The way of the program

The goal of this book is to teach you to think like a computer scientist. This way of thinking combines some of the best features of mathematics, engineering, and natural science. Like mathematicians, computer scientists use formal languages to denote ideas (specifically computations). Like engineers, they design things, assembling components into systems and evaluating tradeoffs among alternatives. Like scientists, they observe the behavior of complex systems, form hypotheses, and test predictions.

The single most important skill for a computer scientist is problem solving. Problem solving means the ability to formulate problems, think creatively about solutions, and express a solution clearly and accurately. As it turns out, the process of learning to program is an excellent opportunity to practice problem-solving skills. That's why this chapter is called, "The way of the program."

On one level, you will be learning to program, a useful skill by itself. On another level, you will use programming as a means to an end. As we go along, that end will become clearer.

1.1 The Python programming language

The programming language you will be learning is Python. Python is an example of a high-level language; other high-level languages you might have heard of are C, C++, Perl, and Java.

As you might infer from the name "high-level language," there are also low-level languages, sometimes referred to as "machine languages" or "assembly languages." Loosely speaking, computers can only execute programs written in low-level languages. Thus, programs written in a high-level language have to be processed before they can run. This extra processing takes some time, which is a small disadvantage of high-level languages.

But the advantages are enormous. First, it is much easier to program in a high-level language. Programs written in a high-level language take less time to write, they are shorter and easier to read, and they are more likely to be correct. Second, high-level languages are portable, meaning that they can run on different kinds of computers with few or no modifications. Low-level programs can run on only one kind of computer and have to be rewritten to run on another.

Due to these advantages, almost all programs are written in high-level languages. Low-level languages are used only for a few specialized applications.

Two kinds of programs process high-level languages into low-level languages: interpreters and compilers. An interpreter reads a high-level program and executes it, meaning that it does what the program says. It processes the program a little at a time, alternately reading lines and performing computations.
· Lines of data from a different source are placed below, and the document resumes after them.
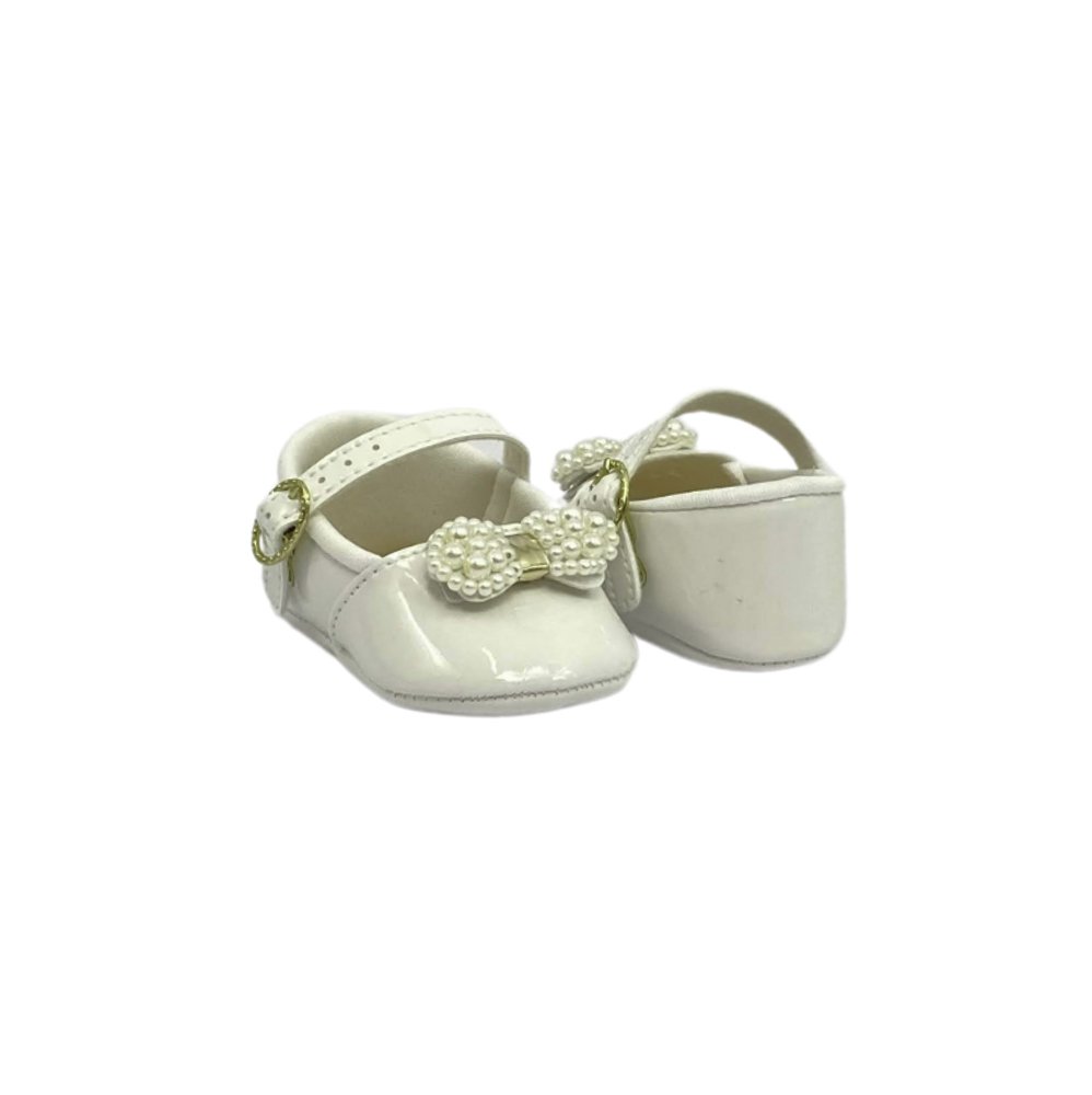 Ref: Conforto e segurança na sapatilha Baby Pimpolho, confeccionada em materiais alternativos de alta qualidade. Detalhe em 3D em formato de laço com pérolas. Possui fechamento em fivela para melhor ajuste e segurança aos pés.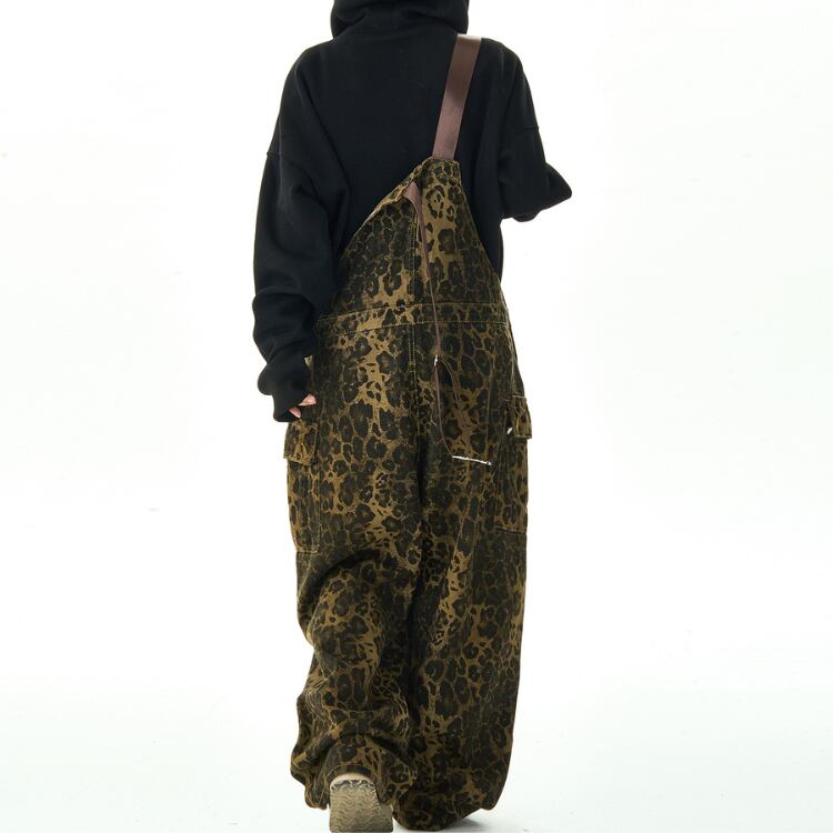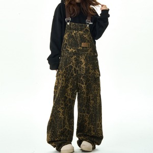 大胆な柄が目を引くオーバーオール。ゆったりとしたワイドシルエットで、リラックスした着心地を提供します。両サイドのパッチポケットは、デザインのアクセントとしてだけでなく、機能性も兼ね備えています。普段使いはもちろん、ちょっとしたお出かけにも活躍するアイテムです。
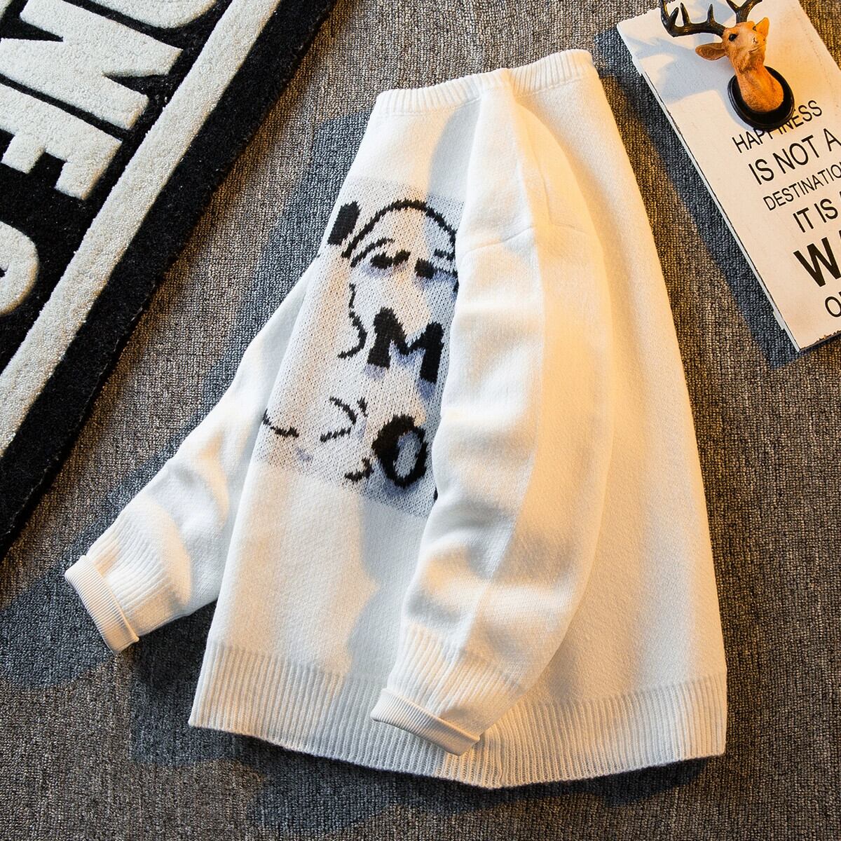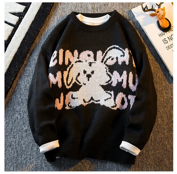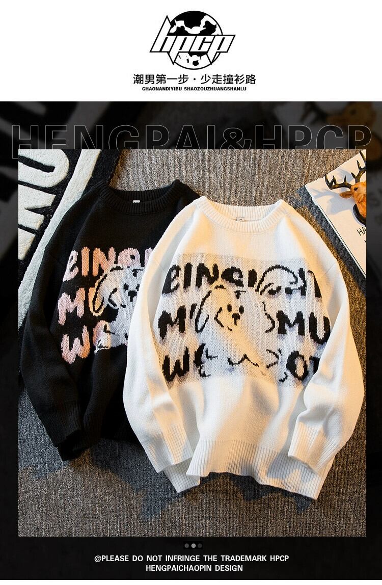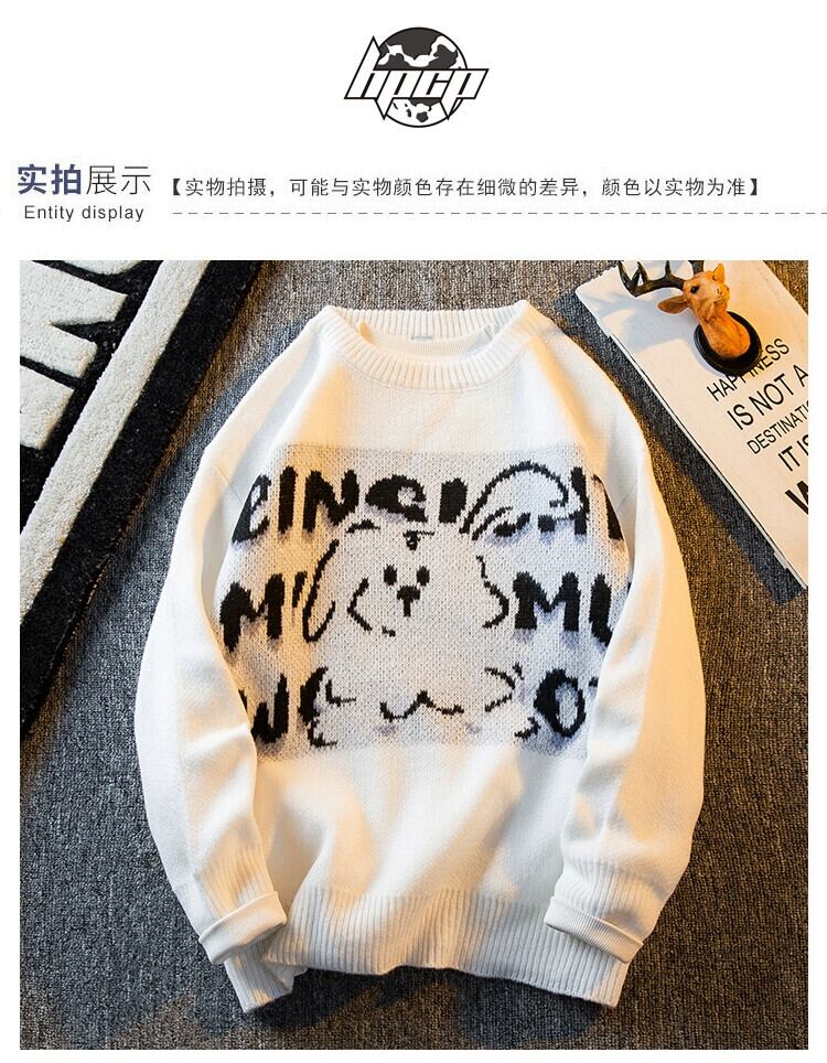 HPCP 国家トレンドデザインニッチウサギラウンドネックセーターメンズ秋と冬のオーバーサイズレトロカップルセーター男性 オータム 秋物 ウィンター 冬物 Oネック 3381985936635730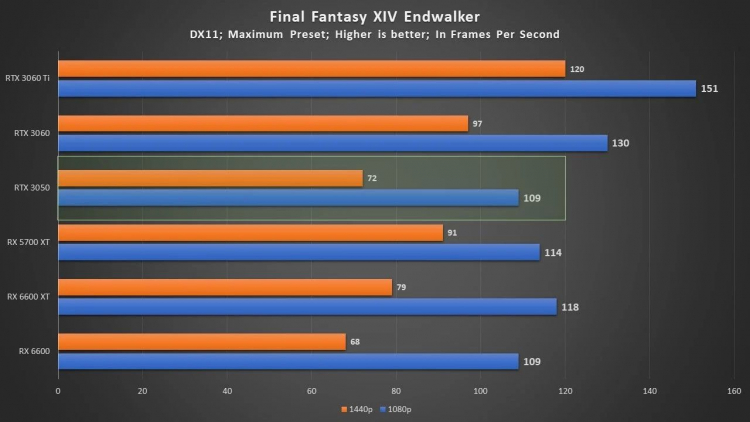 O desempenho da novidade foi comparado com modelos como a Radeon RX 6600 XT, Radeon RX 6600, Radeon RX 5700 XT, GeForce RTX 3060 e GeForce RTX 3060 Ti. Infelizmente, nenhuma placa da série GeForce GTX 16 chegou à comparação. Lembre-se que, de acordo com vazamentos anteriores, o nível de desempenho da GeForce RTX 3050 é semelhante ao da GeForce GTX 1660 Ti. Apenas a novidade se distingue pelo suporte às tecnologias de dimensionamento NVIDIA DLSS e rastreamento de raios RTX.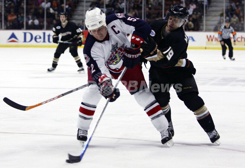 【アナハイム/米国 5日 AFP】06-07NHL、アナハイム・ダックス(Anaheim Ducks)vsコロンバス・ブルージャケッツ(Columbus Blue Jackets)。第3ピリオド18分40秒、ブルージャケッツのマニ・マルホトラ(Manny Malhotra)は、勝ち越しとなるチーム4点目のゴールを決めてチームメイトと共に歓喜する。試合は、ブルージャケッツが第3ピリオドに一挙4得点を挙げて4-3でダックスに逆転勝利、今季16勝目を収めた。(c)AFP/Getty Images Harry How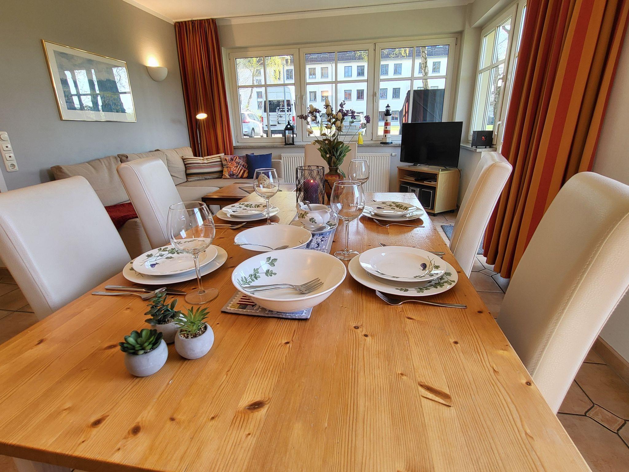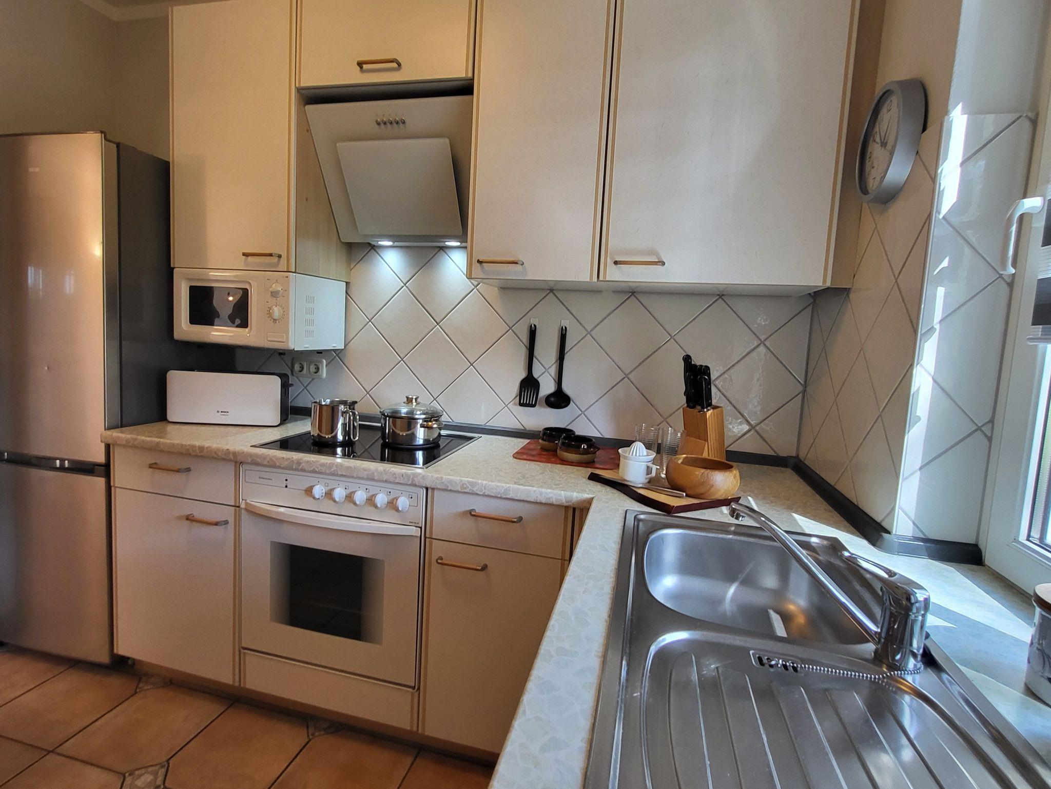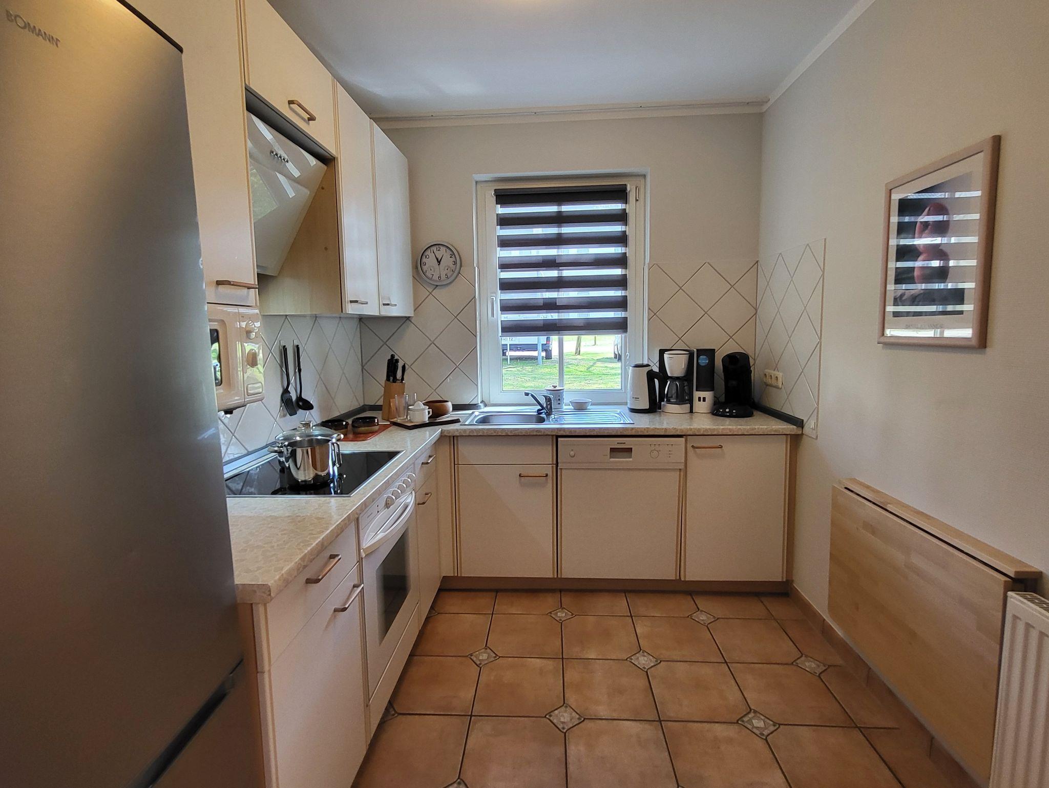 Die separate Küche ist mit einer Einbauküche mit Mikrowelle, Geschirrspüler, großzügiger Kühl- und Gefrierkombination und einem Herd mit Backofen ausgestattet, sodass der Zubereitung leckerer Mahlzeiten nichts im Wege steht. Kostenloses WLAN steht selbstverständlich auch bereit. Die Wohnung wird inklusive Bettwäsche übergeben. Handtücher können in der Zimmervermittlung für 7,00 pro Person (1 Badetuch, 1 Handtuch) dazugebucht werden.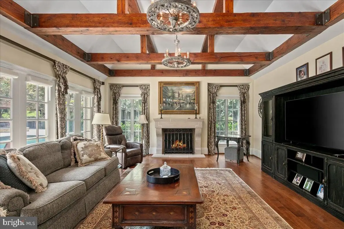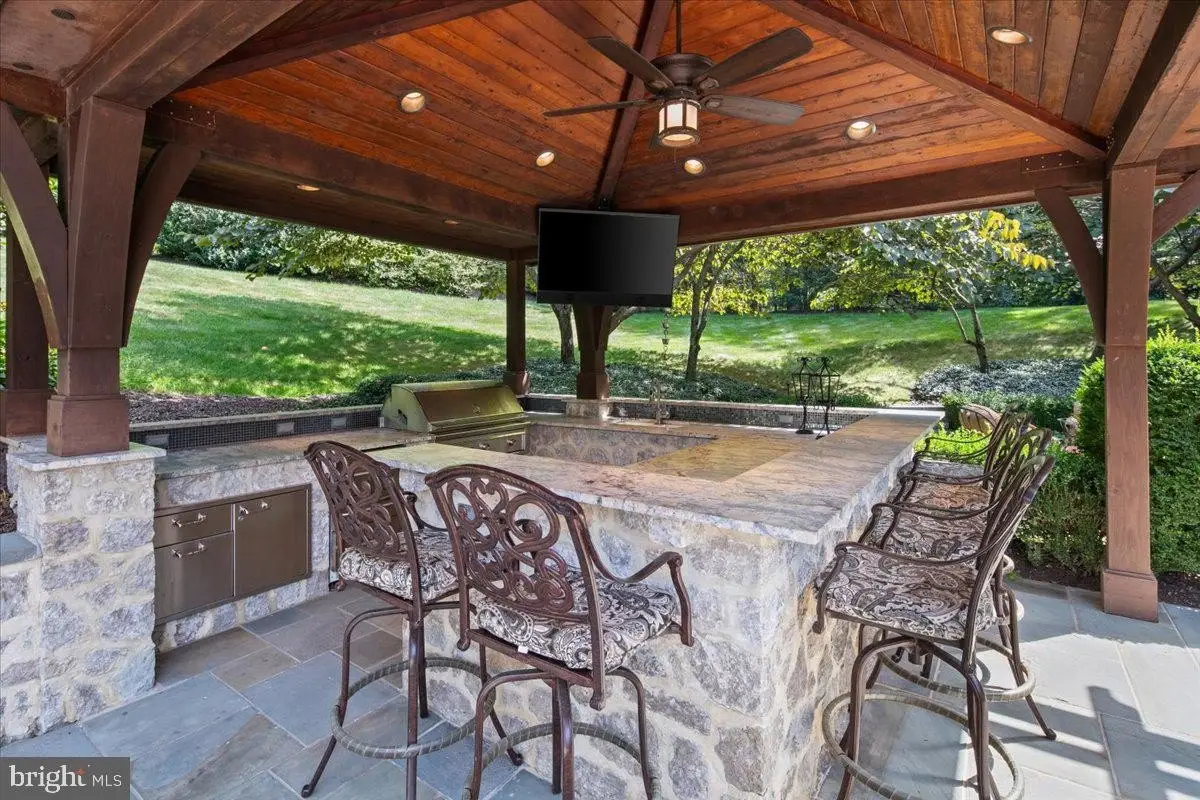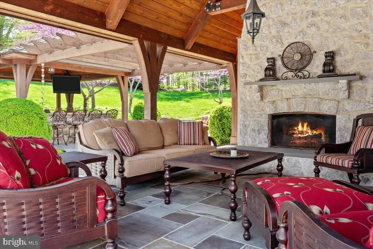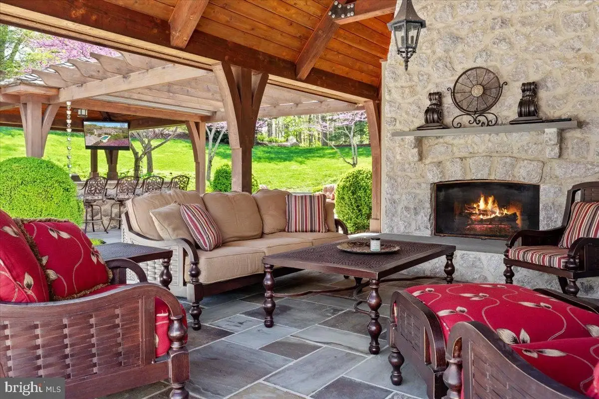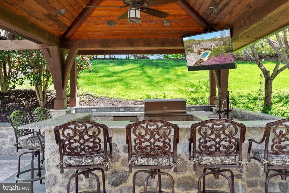 Imagine a sanctuary where meticulous craftsmanship meets resort-inspired living. This isn't just a home; it's a testament to enduring quality, a residence that whispers sophistication at every turn. The kitchen is a symphony of form and function, featuring exquisite Wood-Mode cabinetry, a professional-grade 48 Wolf range with a Wolf copper hood, complemented by a Sub-Zero refrigerator and two dishwashers. Thoughtful additions include a discreet drawer microwave, convenient Sub-Zero refrigerator and freezer drawers at the coffee bar, and a warming drawer. The first-floor primary suite is a haven of tranquility. Expansive double closets and a private fireplace invites cozy evenings. The spa-like primary bathroom is an indulgence for the senses. Privacy is paramount with separate his and hers sides with their own water closets and vanities. Her side features a luxurious all air-jetted tub with mood lighting & fireplace. The oversized shower features dual sets of high-precision Grohe fixtures, including handheld sprays, body sprays, and a rainfall showerhead. The family room offers an inviting retreat, highlighted by a dry bar with a fossilized stone counter. Above, impressive 8x8 Douglas Fir beams add architectural drama, while a stunning fireplace, crafted from marbleized cast stone with a firebox of reconstituted volcanic ash, provides a cozy focal point. The formal dining room is designed for memorable gatherings. Exquisite custom plaster molding, deep crown molding, and shadow boxes add architectural artistry. The magnificent great room is a study in scale and light, with soaring 22 ft ceilings and expansive 17 ft custom windows that frame the outdoors. Striking 10x10 Douglas Fir beams, reclaimed from 50-year-old dead standing trees in the Northwest and featuring hand-made plugs, add a touch of rustic grandeur. A second impressive fireplace, also made of marbleized cast stone and volcanic ash construction, commands attention. Step outside to a world of leisure with a resort-like pool setting that rivals the finest destinations. The exceptional pool house is a haven unto itself, featuring a beautifully appointed bedroom, a full bath, a television that gracefully descends from the ceiling & a cabana with a fireplace & TV. A second cabana connected by a beautiful pergola has an outdoor kitchen with TV. The ambiance is enriched by multiple zones of integrated speakers, and the automatic pool cover provides effortless maintenance. This incredible home also features a climate-controlled wine cellar and tasting room, a home theater, an enormous bonus game room, and a rejuvenating steam shower with a TV, a well-equipped home gym & a studio with a ballet barre. Architectural details such as 11 baseboards and elegant California corners with hand-cut moldings, showcase the meticulous attention to detail. Main & Upper level flooring is wide plank character grade rift & quartered white oak. All interior doors were handmade and all bathrooms are insulated for privacy. A whole-house generator provides peace of mind. The property is further enhanced by a dual-zone Invisible Fence, six fireplaces, three sets of laundry facilities, a basement wet bar with a dishwasher, two automatic ice machines, a whole-house water purification system, 5 Alladin light lifts, custom iron handrails and light switch plates, custom garage storage, and an oversized 3-car garage. The exterior is made of Over 130 tons of hand-quarried Midwestern stone, each piece selected for its subtle shimmer, create a facade of timeless grandeur, painstakingly installed over 3.5 months by 12 artisans employing a century-old slush and brush technique. Above, a hand sawn and cut cedar shingle roof, accented with gleaming copper valleys, roof caps, and striking 4' copper chimney caps, culminates in a distinguished copper cupola. This is more than a residence; it's a legacy, a testament to uncompromising quality and a life lived beautifully.

A compiler reads the program and translates it completely before the program starts running. In this case, the high-level program is called the source code, and the translated program is called the object code or the executable. Once a program is compiled, you can execute it repeatedly without further translation.

Python is considered an interpreted language because Python programs are executed by an interpreter. There are two ways to use the interpreter: command-line mode and script mode. In command-line mode, you type Python programs and the interpreter prints the result:

$ python
Python 2.4.1 (#1, Apr 29 2005, 00:28:56)
Type "help", "copyright", "credits" or "license" for more information.
>>> print 1 + 1
2

The first line of this example is the command that starts the Python interpreter. The next two lines are messages from the interpreter. The third line starts with >>>, which is the prompt the interpreter uses to indicate that it is ready. We typed print 1 + 1, and the interpreter replied 2.

Alternatively, you can write a program in a file and use the interpreter to execute the contents of the file. Such a file is called a script. For example, we used a text editor to create a file named latoya.py with the following contents:

print 1 + 1

By convention, files that contain Python programs have names that end with .py.

To execute the program, we have to tell the interpreter the name of the script:

$ python latoya.py
2

In other development environments, the details of executing programs may differ. Also, most programs are more interesting than this one.

Most of the examples in this book are executed on the command line. Working on the command line is convenient for program development and testing, because you can type programs and execute them immediately. Once you have a working program, you should store it in a script so you can execute or modify it in the future.

1.2 What is a program?

A program is a sequence of instructions that specifies how to perform a computation. The computation might be something mathematical, such as solving a system of equations or finding the roots of a polynomial, but it can also be a symbolic computation, such as searching and replacing text in a document or (strangely enough) compiling a program.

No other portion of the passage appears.